[Fated to Be Free by Jean Ingelow]@TWC D-Link book
Fated to Be Free

CHAPTER III
9/14

All the cherry-trees were in full flower; the pear-trees were coming out, and the young thickets in the garden were bending low with lilac-blossom, but Peter was miserable.
He was leaning his arms over the balustrade, and the great red peonies and loose anemones were staring up at him so that he could see down into their central folds; but what is April, and what is a half-holiday, and what indeed is life itself when one has lost perhaps the most excellent top that boy ever spun, and the loudest hummer?
And then he had taken such care of it.

Never but once, only this once, had he spun it in the gallery at all, and yet this once of all misfortunes it had rolled its last circle out so far that the balustrade had struck it, and in the leap of its rebound it had sprung over.
At first he felt as if he should like to cry.

Then a wild and daring thought came and shook at the very doors of his heart.

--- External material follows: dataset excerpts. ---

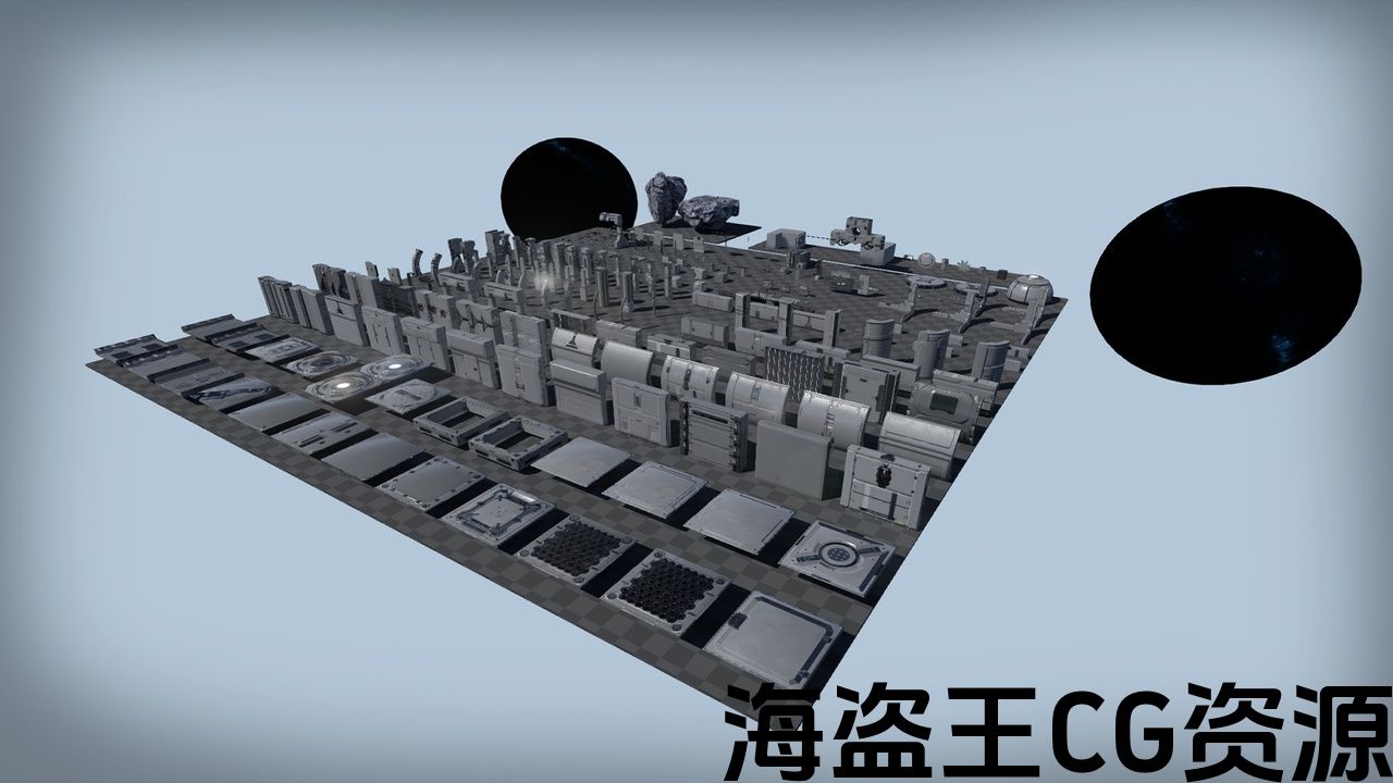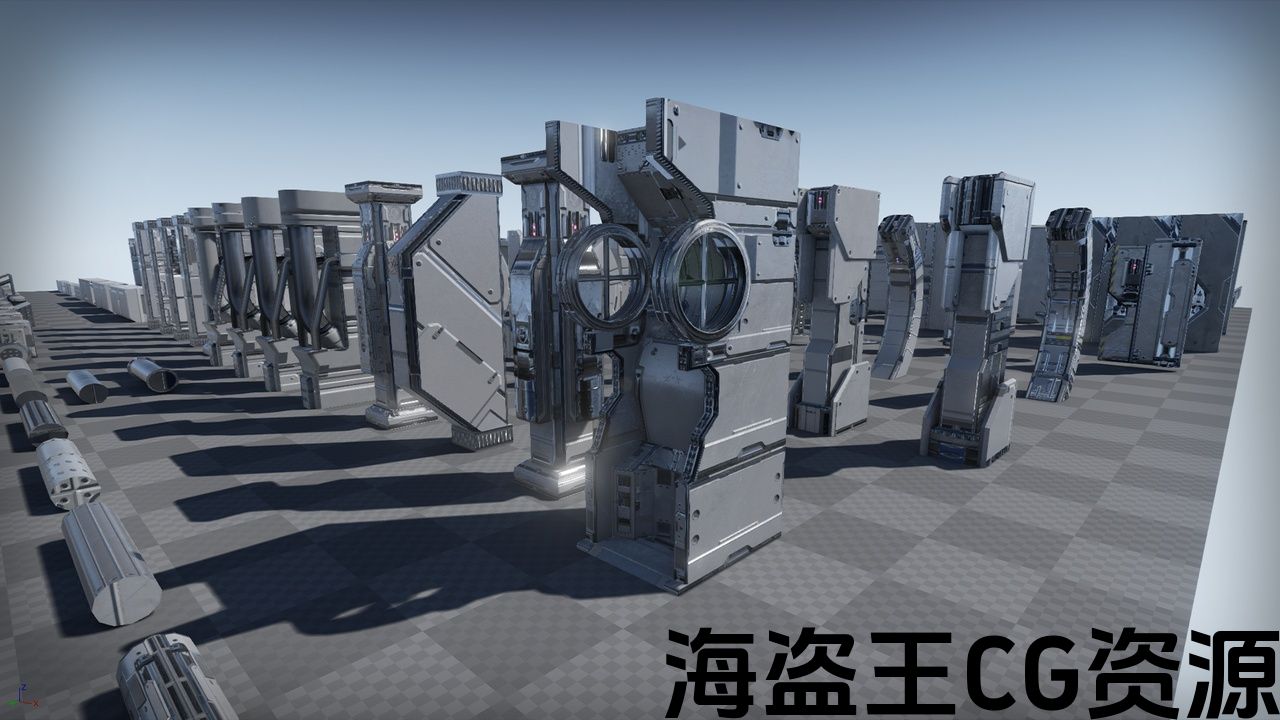 *”科幻道具包”是一套模块化的PBR资产,用于创建您的科幻室内、走廊等。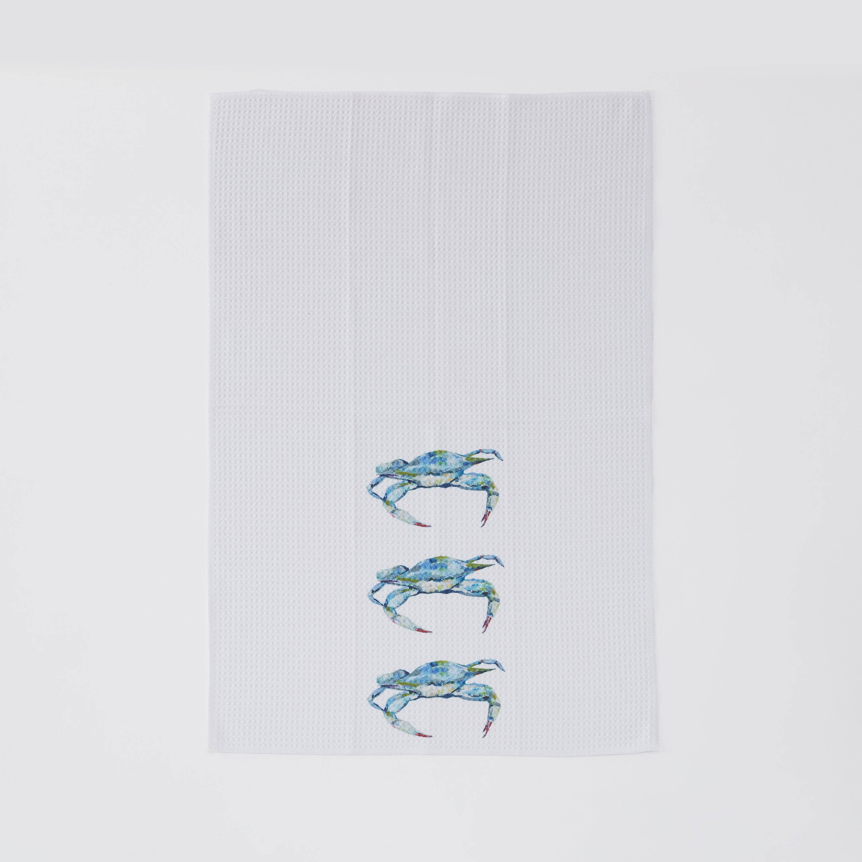 Whether you need a hostess gift or you're just replacing the last towel your husband didn't know was a DON'T TOUCH TOWEL, our tea towels will have you covered! Our Louisiana blue crab watercolor print are sure to be a hit with the beach lovers in your life. Printed on our waffle weave ultra-absorbent microfiber 80% polyester 20% Polyamide towels. Images are sublimation printed for high fade resistance wash after wash. PRODUCT DETAILS Design: Printed on the front of one side Size: WAFFLE WEAVE KITCHEN TOWEL - 16″ x 24″ overall size; 6″x 5″ design area size Care: Machine Wash Cold, Tumble Dry Low Heat Drawn, designed, and sublimation printed by Stephanie Crow. Due to variances in computer color settings colors in product may have a slight variation from depiction on screen. Designed and printed in the USA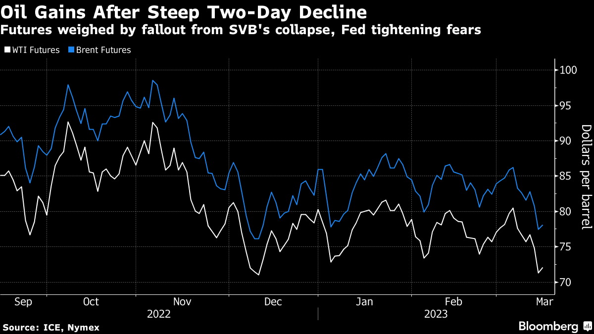 (Bloomberg) -- Oil rose from its lowest close in three months as traders took stock of the outlook for demand amid turmoil in the US banking sector.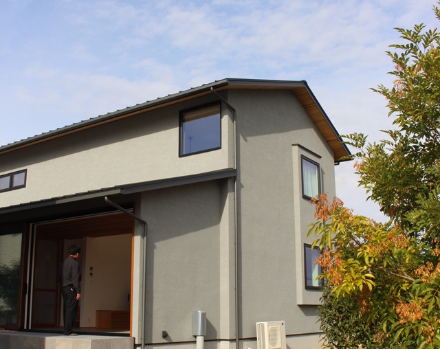 ライトグレーの塗り壁、1・2階に繋がる出窓部分も同色とし、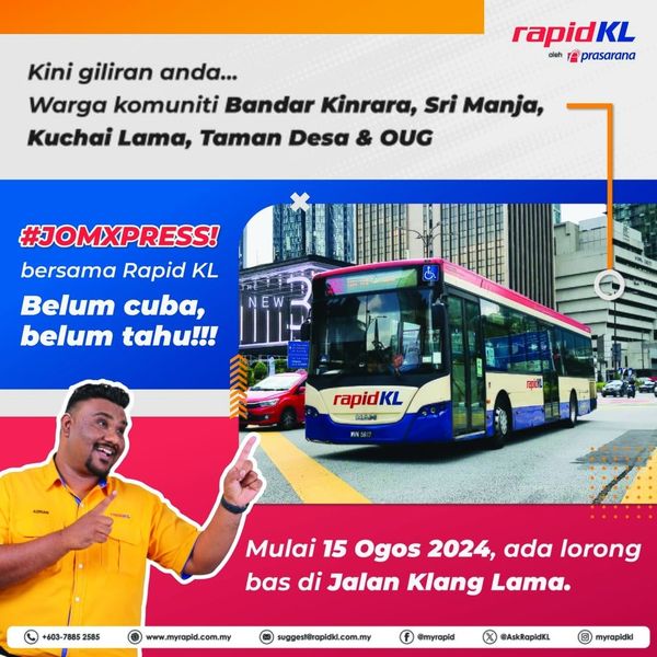 (吉隆坡10日讯)吉隆坡快捷通巴士(Rapid KL)将与吉隆坡市政厅合作,于8月15日起,在旧巴生路(Jalan Klang Lama)推出试验性巴士专用道项目。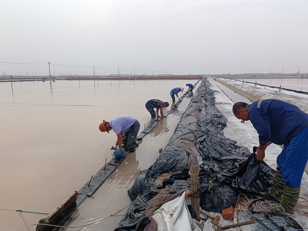 隨著主汛期到來,由于各班組部分塑布已達使用年限,老化嚴重,且容易造成鹵水跑漏現象發生,為了減少鹵水損耗,7月10日,新河制鹽分公司黨支部組織黨員突擊隊到班組對到期塑布進行更換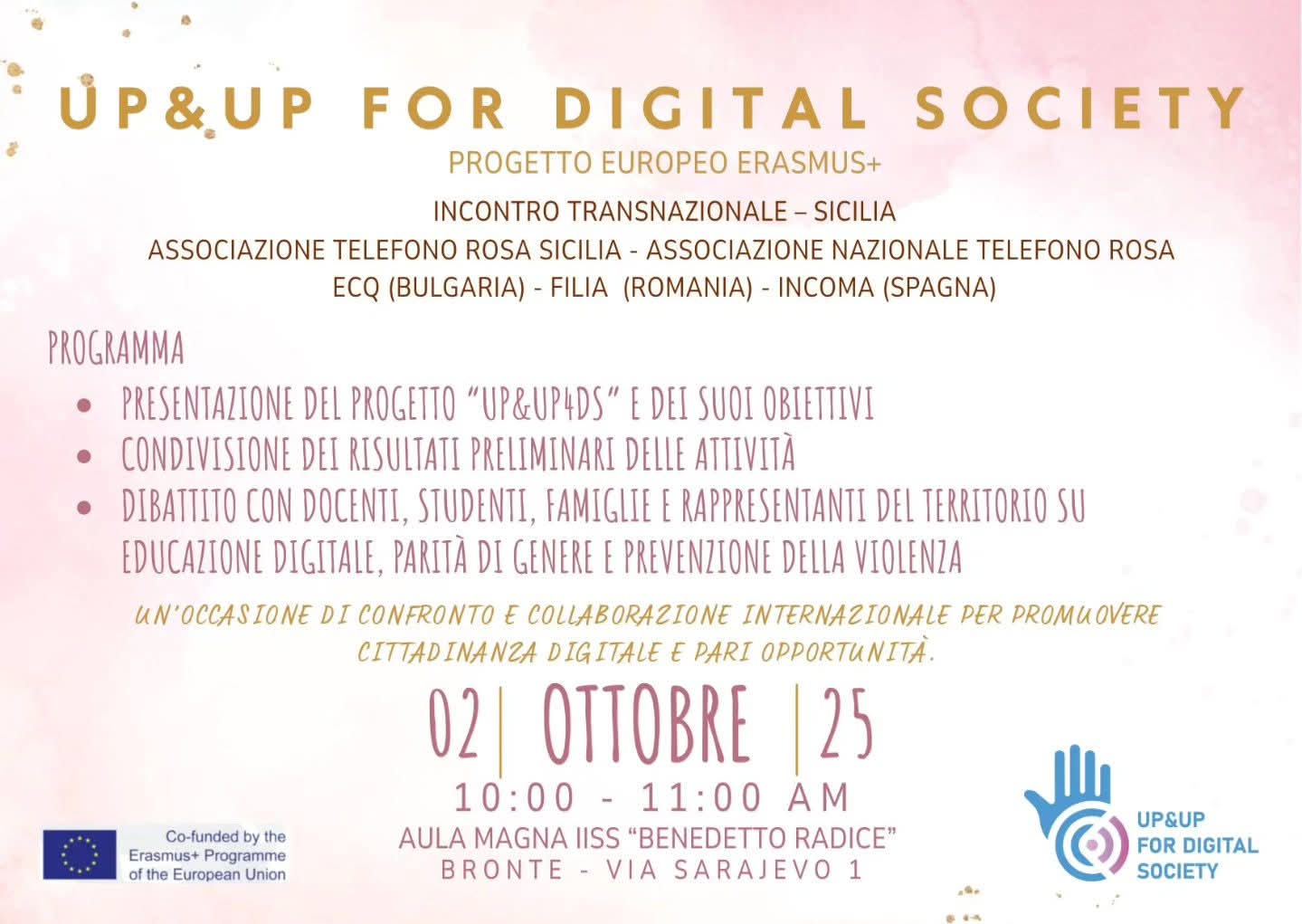 Nell’ambito del meeting transnazionale del progetto europeo UP&UP4DS – Up&Up for Digital Society, si terrà un incontro pubblico aperto alla cittadinanza.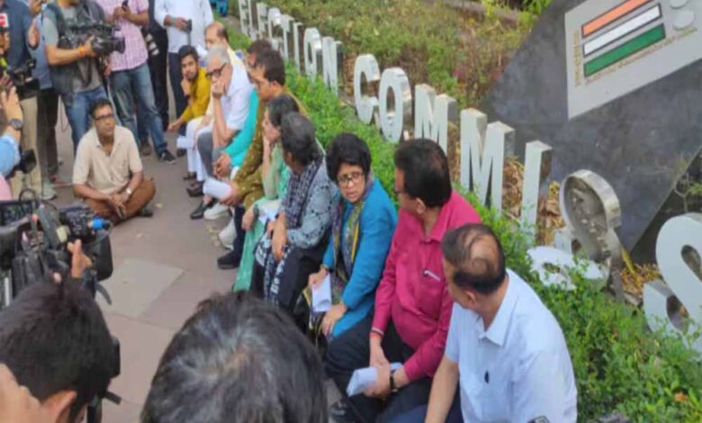 जांच एजेंसियों के कथित दुरुपयोग को लेकर शिकायत करने पहुंचे टीएमसी के कम से कम 10 सांसद धरने पर बैठे

What if he climbed over the gate and got down, and, finding his top, brought it up so quickly that no one would ever know?
His mother and aunt were gone out for a walk; his great-grandmother and the nurse were nodding one on each side of the fire.

It was only three o'clock, and yet they had dined, and they were never known to rouse themselves up for at least half an hour at that time of day.
He took one turn along the gallery again, peeped in at the parlour window, then in a great hurry he yielded to the temptation, climbed over the wooden gate, got down the rotten old steps, and in two minutes was up to his neck in a mass of tangled blossoms.